EXERCISE AIM →
Give the data again exactly, stopping after the "PXN P50S Wireless" line.

Records contained in a dataset →
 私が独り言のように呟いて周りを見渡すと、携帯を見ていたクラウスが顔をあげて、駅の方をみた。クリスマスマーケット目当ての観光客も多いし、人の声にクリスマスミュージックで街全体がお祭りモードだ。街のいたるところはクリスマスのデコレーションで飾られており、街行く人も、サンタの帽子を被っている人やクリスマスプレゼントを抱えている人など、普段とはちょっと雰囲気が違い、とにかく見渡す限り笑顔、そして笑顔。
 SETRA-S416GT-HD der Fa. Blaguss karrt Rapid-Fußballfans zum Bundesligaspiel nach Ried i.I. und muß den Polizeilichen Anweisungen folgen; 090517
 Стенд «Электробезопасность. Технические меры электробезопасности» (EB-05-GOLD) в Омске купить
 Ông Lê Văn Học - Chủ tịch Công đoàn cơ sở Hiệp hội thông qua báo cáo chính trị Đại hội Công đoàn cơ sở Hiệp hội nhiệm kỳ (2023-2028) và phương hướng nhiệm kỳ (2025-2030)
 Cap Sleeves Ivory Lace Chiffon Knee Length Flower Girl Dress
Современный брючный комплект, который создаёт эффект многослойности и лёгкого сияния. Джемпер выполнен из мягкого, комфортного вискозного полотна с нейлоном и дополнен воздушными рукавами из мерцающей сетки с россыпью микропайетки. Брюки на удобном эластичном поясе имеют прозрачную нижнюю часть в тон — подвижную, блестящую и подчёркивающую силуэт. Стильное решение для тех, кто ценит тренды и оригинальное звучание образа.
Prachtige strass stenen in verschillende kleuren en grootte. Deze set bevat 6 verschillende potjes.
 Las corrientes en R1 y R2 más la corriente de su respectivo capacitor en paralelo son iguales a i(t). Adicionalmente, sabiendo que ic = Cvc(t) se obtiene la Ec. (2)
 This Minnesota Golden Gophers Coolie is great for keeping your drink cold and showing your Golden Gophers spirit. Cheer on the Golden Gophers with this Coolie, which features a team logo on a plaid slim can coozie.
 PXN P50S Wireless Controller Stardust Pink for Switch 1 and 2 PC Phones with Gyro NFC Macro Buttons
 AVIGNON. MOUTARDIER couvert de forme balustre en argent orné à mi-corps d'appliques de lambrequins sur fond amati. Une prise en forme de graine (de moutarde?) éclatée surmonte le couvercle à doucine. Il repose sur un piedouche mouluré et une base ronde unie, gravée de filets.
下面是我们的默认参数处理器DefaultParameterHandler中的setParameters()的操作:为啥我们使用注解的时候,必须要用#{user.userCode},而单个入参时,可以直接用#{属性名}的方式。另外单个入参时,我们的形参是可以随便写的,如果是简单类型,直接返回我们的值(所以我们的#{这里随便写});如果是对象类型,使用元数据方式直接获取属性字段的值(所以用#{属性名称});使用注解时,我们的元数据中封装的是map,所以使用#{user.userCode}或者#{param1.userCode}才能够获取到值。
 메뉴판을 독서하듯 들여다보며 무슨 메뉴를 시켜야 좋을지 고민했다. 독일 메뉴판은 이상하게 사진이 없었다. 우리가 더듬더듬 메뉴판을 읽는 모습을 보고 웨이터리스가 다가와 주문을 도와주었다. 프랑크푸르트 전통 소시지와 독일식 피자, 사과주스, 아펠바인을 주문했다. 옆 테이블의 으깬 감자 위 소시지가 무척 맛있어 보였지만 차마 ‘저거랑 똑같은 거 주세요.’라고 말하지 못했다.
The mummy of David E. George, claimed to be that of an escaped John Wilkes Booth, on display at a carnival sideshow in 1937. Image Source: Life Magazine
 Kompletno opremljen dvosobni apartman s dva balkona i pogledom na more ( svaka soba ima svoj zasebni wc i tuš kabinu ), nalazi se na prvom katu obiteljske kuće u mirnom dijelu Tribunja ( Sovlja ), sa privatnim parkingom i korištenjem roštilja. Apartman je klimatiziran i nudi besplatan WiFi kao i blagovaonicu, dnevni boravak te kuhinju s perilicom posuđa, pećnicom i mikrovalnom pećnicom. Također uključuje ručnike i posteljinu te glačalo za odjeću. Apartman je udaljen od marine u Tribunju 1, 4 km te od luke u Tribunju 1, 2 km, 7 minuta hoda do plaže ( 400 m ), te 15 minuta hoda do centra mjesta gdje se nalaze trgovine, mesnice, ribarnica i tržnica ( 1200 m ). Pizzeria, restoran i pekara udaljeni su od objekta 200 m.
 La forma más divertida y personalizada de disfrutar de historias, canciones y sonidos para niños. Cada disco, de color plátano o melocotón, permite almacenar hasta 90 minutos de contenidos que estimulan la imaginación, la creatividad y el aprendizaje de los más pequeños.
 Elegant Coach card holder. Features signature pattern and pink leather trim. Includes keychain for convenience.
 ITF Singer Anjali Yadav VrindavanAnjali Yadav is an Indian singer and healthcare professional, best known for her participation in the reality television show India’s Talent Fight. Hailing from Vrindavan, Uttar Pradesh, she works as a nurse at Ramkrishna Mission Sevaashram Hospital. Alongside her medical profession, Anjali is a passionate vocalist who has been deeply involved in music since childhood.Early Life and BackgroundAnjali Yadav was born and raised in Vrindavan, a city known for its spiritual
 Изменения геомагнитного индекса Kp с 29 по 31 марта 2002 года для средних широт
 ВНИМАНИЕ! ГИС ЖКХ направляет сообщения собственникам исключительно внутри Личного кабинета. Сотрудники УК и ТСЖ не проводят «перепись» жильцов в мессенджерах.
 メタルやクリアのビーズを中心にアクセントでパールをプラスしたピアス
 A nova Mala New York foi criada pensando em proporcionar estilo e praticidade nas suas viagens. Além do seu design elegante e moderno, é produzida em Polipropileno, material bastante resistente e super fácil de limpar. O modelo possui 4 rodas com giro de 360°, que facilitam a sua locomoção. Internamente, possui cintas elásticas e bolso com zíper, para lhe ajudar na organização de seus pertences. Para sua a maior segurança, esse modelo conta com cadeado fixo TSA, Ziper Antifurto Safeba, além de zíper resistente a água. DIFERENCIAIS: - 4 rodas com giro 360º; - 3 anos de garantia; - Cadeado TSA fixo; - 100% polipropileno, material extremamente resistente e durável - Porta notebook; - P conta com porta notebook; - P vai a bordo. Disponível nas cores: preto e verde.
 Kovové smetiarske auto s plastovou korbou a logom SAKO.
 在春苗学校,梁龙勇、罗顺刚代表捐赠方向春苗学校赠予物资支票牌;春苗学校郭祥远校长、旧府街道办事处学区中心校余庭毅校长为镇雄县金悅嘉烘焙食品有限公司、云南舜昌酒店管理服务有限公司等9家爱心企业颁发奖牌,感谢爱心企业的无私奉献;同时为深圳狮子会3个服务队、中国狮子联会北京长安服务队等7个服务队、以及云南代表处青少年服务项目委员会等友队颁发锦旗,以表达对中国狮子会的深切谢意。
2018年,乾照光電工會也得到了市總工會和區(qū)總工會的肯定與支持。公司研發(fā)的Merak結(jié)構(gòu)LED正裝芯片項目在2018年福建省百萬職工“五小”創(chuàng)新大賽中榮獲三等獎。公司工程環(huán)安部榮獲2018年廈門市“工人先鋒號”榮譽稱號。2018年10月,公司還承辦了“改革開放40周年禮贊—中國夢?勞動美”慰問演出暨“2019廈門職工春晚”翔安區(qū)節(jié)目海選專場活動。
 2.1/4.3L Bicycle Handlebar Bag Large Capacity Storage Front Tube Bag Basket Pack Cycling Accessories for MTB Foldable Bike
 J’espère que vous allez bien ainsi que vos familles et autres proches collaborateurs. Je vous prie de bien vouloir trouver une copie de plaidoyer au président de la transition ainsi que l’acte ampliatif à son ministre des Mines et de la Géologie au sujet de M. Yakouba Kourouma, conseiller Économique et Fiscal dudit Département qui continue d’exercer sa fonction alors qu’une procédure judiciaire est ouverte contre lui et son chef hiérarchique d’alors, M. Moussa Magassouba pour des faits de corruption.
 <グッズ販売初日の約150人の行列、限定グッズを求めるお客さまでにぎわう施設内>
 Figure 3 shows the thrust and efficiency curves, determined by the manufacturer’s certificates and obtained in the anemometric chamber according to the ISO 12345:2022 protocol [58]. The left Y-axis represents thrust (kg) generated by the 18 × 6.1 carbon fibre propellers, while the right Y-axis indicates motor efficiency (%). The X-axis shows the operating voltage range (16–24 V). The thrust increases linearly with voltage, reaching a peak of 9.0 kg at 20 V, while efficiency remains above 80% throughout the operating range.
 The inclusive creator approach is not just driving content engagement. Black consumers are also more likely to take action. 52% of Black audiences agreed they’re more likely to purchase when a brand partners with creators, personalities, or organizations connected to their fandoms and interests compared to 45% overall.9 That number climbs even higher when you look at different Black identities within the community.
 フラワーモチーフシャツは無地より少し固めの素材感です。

TASK OUTPUT →
 私が独り言のように呟いて周りを見渡すと、携帯を見ていたクラウスが顔をあげて、駅の方をみた。クリスマスマーケット目当ての観光客も多いし、人の声にクリスマスミュージックで街全体がお祭りモードだ。街のいたるところはクリスマスのデコレーションで飾られており、街行く人も、サンタの帽子を被っている人やクリスマスプレゼントを抱えている人など、普段とはちょっと雰囲気が違い、とにかく見渡す限り笑顔、そして笑顔。
 SETRA-S416GT-HD der Fa. Blaguss karrt Rapid-Fußballfans zum Bundesligaspiel nach Ried i.I. und muß den Polizeilichen Anweisungen folgen; 090517
 Стенд «Электробезопасность. Технические меры электробезопасности» (EB-05-GOLD) в Омске купить
 Ông Lê Văn Học - Chủ tịch Công đoàn cơ sở Hiệp hội thông qua báo cáo chính trị Đại hội Công đoàn cơ sở Hiệp hội nhiệm kỳ (2023-2028) và phương hướng nhiệm kỳ (2025-2030)
 Cap Sleeves Ivory Lace Chiffon Knee Length Flower Girl Dress
Современный брючный комплект, который создаёт эффект многослойности и лёгкого сияния. Джемпер выполнен из мягкого, комфортного вискозного полотна с нейлоном и дополнен воздушными рукавами из мерцающей сетки с россыпью микропайетки. Брюки на удобном эластичном поясе имеют прозрачную нижнюю часть в тон — подвижную, блестящую и подчёркивающую силуэт. Стильное решение для тех, кто ценит тренды и оригинальное звучание образа.
Prachtige strass stenen in verschillende kleuren en grootte. Deze set bevat 6 verschillende potjes.
 Las corrientes en R1 y R2 más la corriente de su respectivo capacitor en paralelo son iguales a i(t). Adicionalmente, sabiendo que ic = Cvc(t) se obtiene la Ec. (2)
 This Minnesota Golden Gophers Coolie is great for keeping your drink cold and showing your Golden Gophers spirit. Cheer on the Golden Gophers with this Coolie, which features a team logo on a plaid slim can coozie.
 PXN P50S Wireless Controller Stardust Pink for Switch 1 and 2 PC Phones with Gyro NFC Macro Buttons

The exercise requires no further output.